# Using different fulfillment companies



## pirateprincess (Feb 7, 2008)

Has anyone ever integrated two separate fulfillment companies into their own website?

I want to use two different companies, as just one doesn't offer everything I need. I know it can be done, I'm just wondering how the checkout process would work if a customer wanted to order a t-shirt from CP and a hat from PrintMojo for instance? Would it have to be two checkouts? 

Not sure if this is a good idea or not and if it would create big problems for customers wanting to order.

Thanks!!


----------



## splathead (Dec 4, 2005)

It would have to be two different checkouts which, of course, your customer will not understand.
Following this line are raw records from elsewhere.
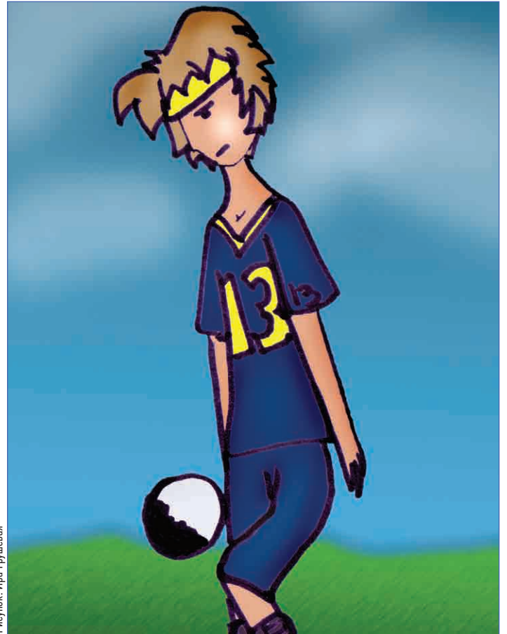
Рисунок: Ира Грушева

Итак, игра проходила в рваном темпе. Была жесткая мужская борьба без особо опасных моментов, что давало нам шанс держать игру под своим контролем. Но пару раз соперники действительно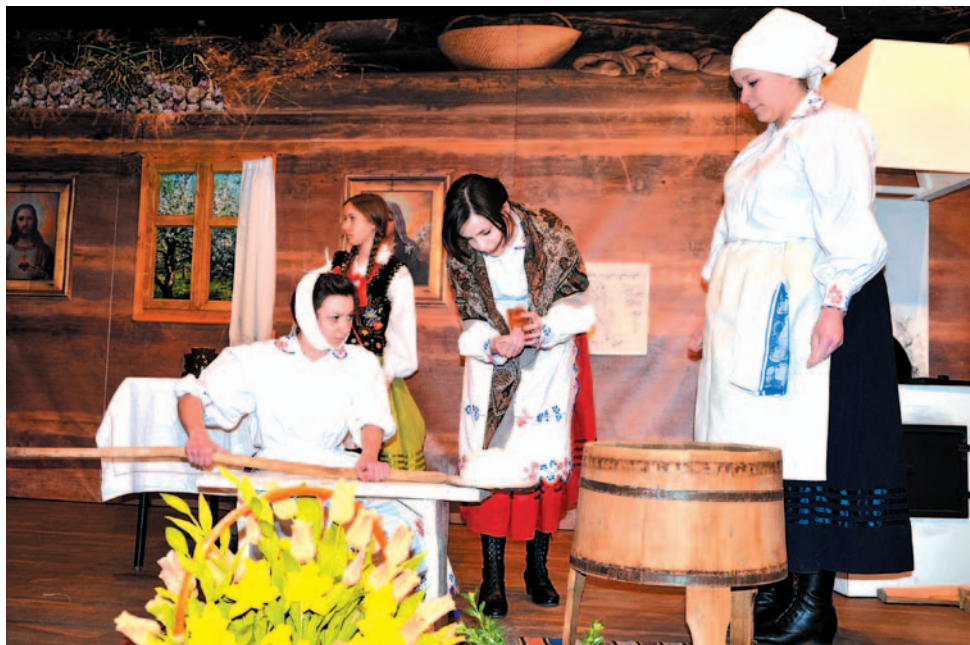
Inscenizacje przypominające dawne obrzędy są barwnym elementem każdej wystawy w „Górniku”.

Wystawy świąteczne, organizowane przez gminę Sanok i Gminny Ośrodek Kultury, to swoisty fenomen. Po pierwsze, przyczyniły się do wręcz erupcji rękodzielnicstwa na naszym terenie, a po drugie, spowodowały zainteresowanie tradycją i dawnymi zwyczajami. Dowodem jest choćby działalność grupy obrzędowej ze Strachociny, która zaprezentowała podczas otwarcia wystawy obrzęd pieczenia chleba w Wielki Piątek. Występujący w przedstawieniu młodzi ludzie nie tylko przekazują tradycję, ale też przypominają, jak brzmiała gwara, którą kiedyś na co dzień posługiwali się ich dziadkowie.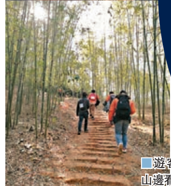
遊客遊行山邊看風景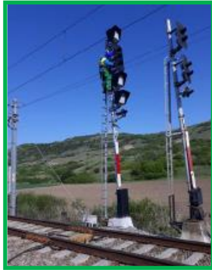
Podu Mureș – echipare semnale cu panouri LED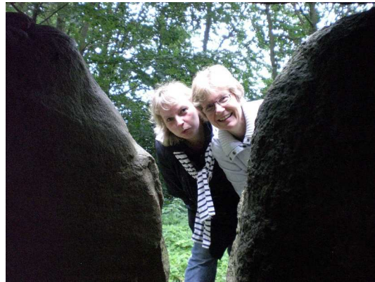
Il y a quelqu'un?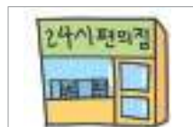
편의점 convenience store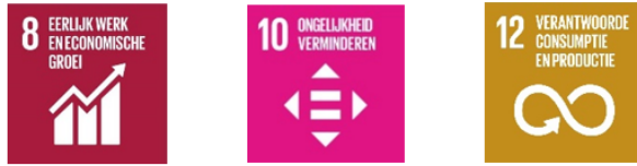
Fig. 2 De drie belangrijkste global goals binnen het evenementenbeleid

What some people do is have their shopping cart process the order. You would then go to CP and PrintMojo websites and place the order yourself. You would choose whether you want the shipment to come to you or directly to the customer.

Advantages to this method:

Seamless ordering

You know who your customers are. Not sure about CP and PrintMojo, but with spreadhirt, they don't give you that info.

Disadvantages:

not only is the customer paying two shipping charges, but if you have the merchandise shipped to you, then you ship to customer, shipping costs are even higher.

If you have tons of items for sale on the various sites, administration of your shopping cart.


----------



## pirateprincess (Feb 7, 2008)

Thanks Joe for your input! Will have to think about this a little more.


----------